All main shale oil plays increased drilling efficiency in 2015 and on average, one rig currently drills up to 16 horizontal wells per year with a total measured depth of 15,000 ft. In the Niobrara shale play one rig drills up to 27 of these type of wells, the largest among the main shale oil plays. Wells in Niobrara are drilled with an average lateral length of 7,000 ft and 93% pad drilling. A key reason of improved drilling efficiency is the deferral of older rigs, leaving mostly the newly build and more efficient rigs still drilling in the shale plays. Towards 2016, pad drilling in Niobrara is expected to continue at current 2015 levels, similar to what is expected for Bakken. Further drilling efficiency can be expected in the Permian Basin.
All main shale oil plays have increased the average lateral length of the wells in 2015. Niobrara has been the play with the largest increase in lateral length per well during this year, mainly due to longer laterals drilled by Anadarko, Bill Barret and Noble Energy. These longer lateral wells have required larger amounts of proppant, which gives an indication of bigger stages, hence more reservoir contact that ultimately results in higher oil recovery. This case is more prominent in Permian Delaware wells, which have had a slight increase in lateral length but a significant increase in proppant use.
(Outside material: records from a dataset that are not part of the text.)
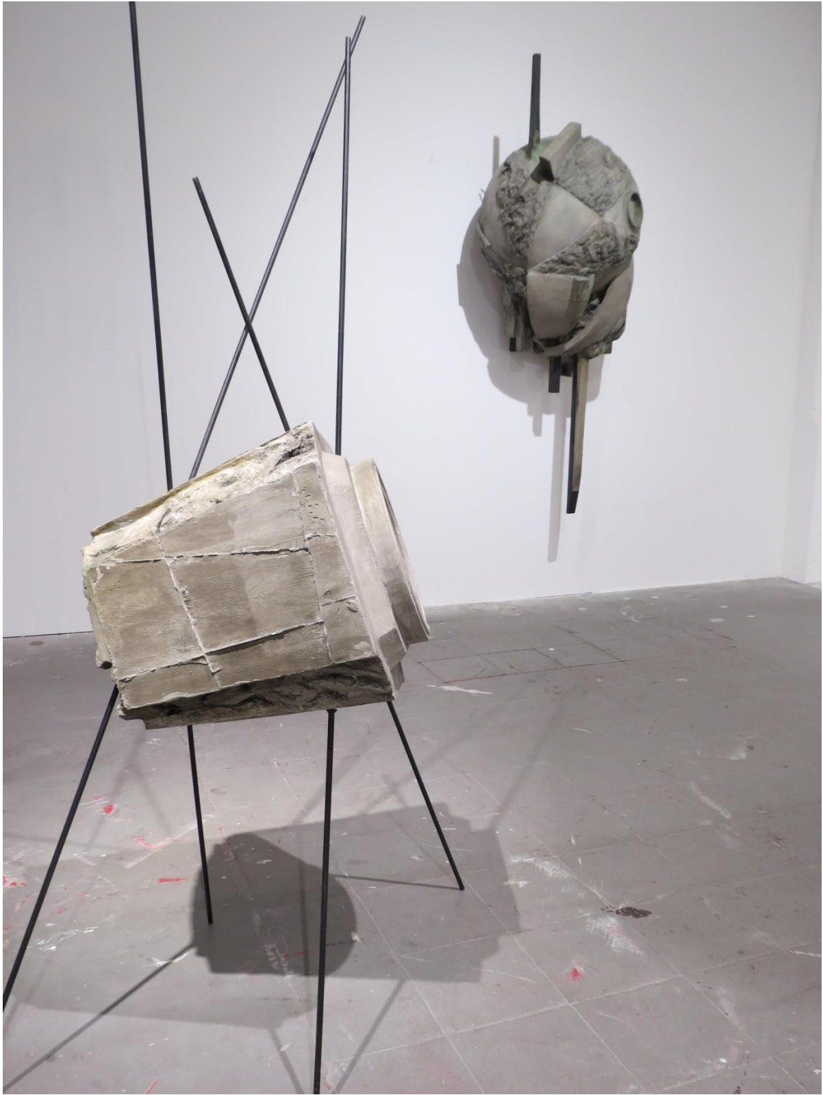
Exhibition view, Keile Contemporary, 2023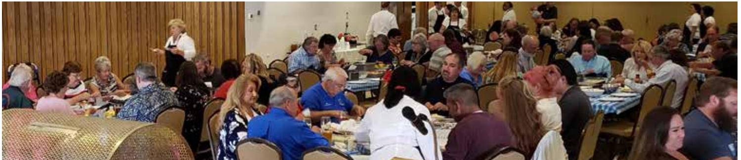
Thank you to our Members for supporting the Past Exalted Ruler's Association Student Scholarship Shrimp Peel fundraisers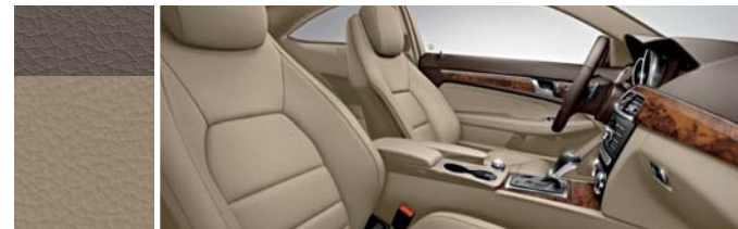
Almond Beige/Mocha (not available with leather upholstery)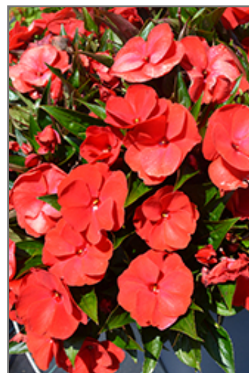
Petticoat True Red Magnum New Guinea Impatiens flowers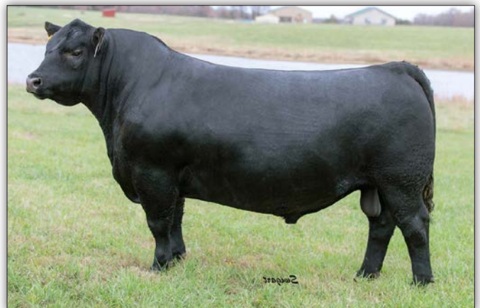
Bigk/WSC Iron Horse 025F - Maternal Grand sire of Lot 13

This special sale highlight is a Crystal Clear daughter traces back to the great WSC Harley, who was purchased by Hart Angus of South Dakota. Harley had a very successful career siring cattle that flesh extremely well with a ton of Angus power. This female has big production figures with great birth-to-growth, with balanced carcass and $Values.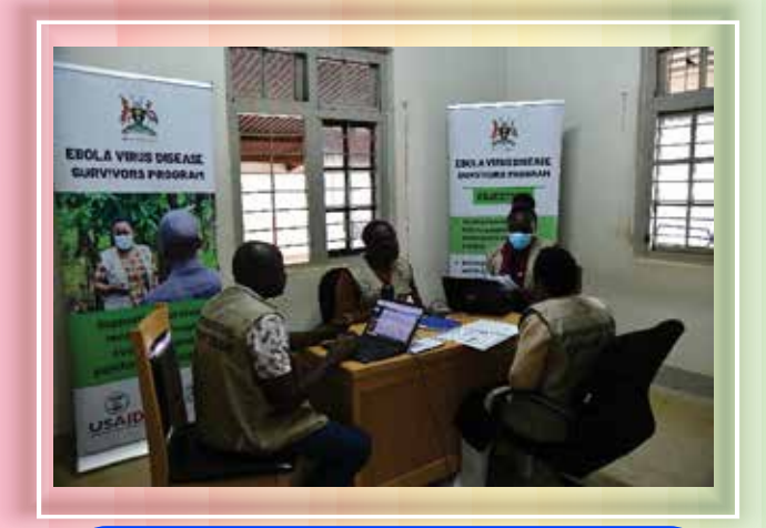
The psychosocial team during one of their brainstorming meetings before heading out for field visits.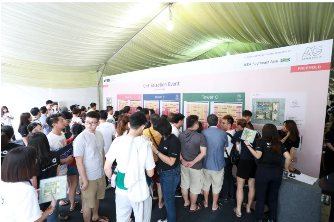
More than 1300 units were booked in just 2 days.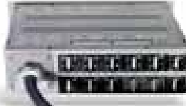
ACTOR 716 with POWER CABLE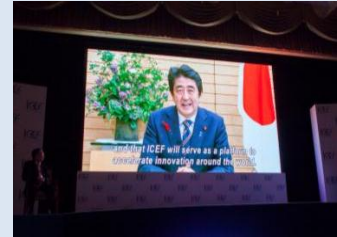
Opening Video Message from Prime Minister Shinzo Abe

Participants : About 800 policymakers, business leaders and researchers from as many as 80 countries and regions participated.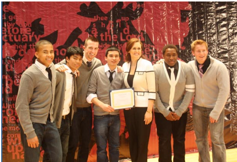
"INSPIRATION" wins first place at Youthfest.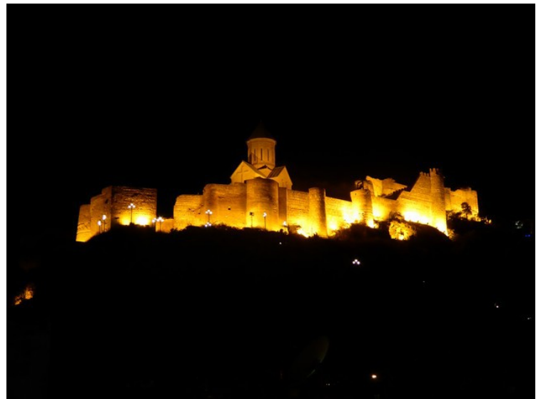
The fortress with evening lighting.

Permian Delaware wells now recover just 85 thousand bbl less of oil EUR than Bakken wells, 22% above average in US shale plays. Further improvements in well performance can be expected among all shale plays except Eagle Ford, which has shown a similar 90-day initial production rate since 2012 at nearly 600 boe/d and marginal increases in Oil EUR, even though proppant use in this play has increased consistently every year. Such trends in the Eagle Ford play affect the drilling and completion (D&C) well cost per EUR, which over the last four years has decreased the least in comparison to other main shale oil plays, as shown in Figure 4.
Eagle Ford wells have marginally decreased the well cost per EUR in 2015, only 3% yearly and still above 10 $/bbl. The Permian Midland shale play, on the other hand, has decreased the yearly well cost per EUR by 15% in 2015 and 61% since 2011. A decreasing well cost per EUR indicates that companies are able to recover more volumes for every dollar spent. During 2015, most operators improved in this metric mainly due to drilling only their best acreage i.e. high grading, but the size of such areas or sweet spots is limited. At the current well spacing, companies will drill up their core areas in about eight years, by assuming a drilling level similar to that one in 2014.